We are honoured to share Majella’s story, one filled with honesty, strength, and an unwavering determination to change her life. Her journey reflects the reality so many people face, years of struggling, feeling unheard, and wondering if things will ever truly change. Majella’s courage in sharing her experience will offer hope, reassurance, and motivation to anyone who is thinking about taking that first step.
Losing 7 stone is an extraordinary achievement, but even more powerful is the mindset shift Majella describes choosing health, choosing family, and choosing herself. This is not just a weight loss story; it’s a story about reclaiming life and believing in a better future.

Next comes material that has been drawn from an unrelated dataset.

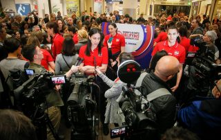 Велики број навијача и представника медија, стрпљиво је чекао вечерас у холу ТЦ Ушће долазак женске репрезентације Србије. Мало након 19 часова, громогласан аплауз присутних, скренуо је пажњу свих поестилаца [...]

A huge congratulations to Majella on everything she has accomplished so far, and thank you for allowing us to be part of your journey. We know her words will inspire so many others who are just beginning theirs.

Here’s Majella’s story, as she shares her Surgery Now journey.
“ I have been overweight for as long as I can remember. When I was just 10 years old, I already weighed 10 stone, and for years after that my weight seemed to grow alongside me, 11 years old meant 11 stone, 15 years old meant 15 stone. It felt like my weight was growing up with me, always there, always one step ahead, shaping my life before I even understood what that meant.
At my heaviest, I was just over 30 stone when I was pregnant with my last child four years ago. After my pregnancy, I returned to my pre-pregnancy weight of around 25 stone, where I stayed for years, hovering between 25 and 26 stone, feeling stuck and defeated.
I tried Ozempic, hoping it would finally be the answer. I didn’t lose any weight on it, but it did stop me from gaining more. Then, suddenly, within the space of just one month, my weight jumped to 26 stone 13 pounds. That was my breaking point. I knew I couldn’t let my weight climb any higher, I was running out of time and options.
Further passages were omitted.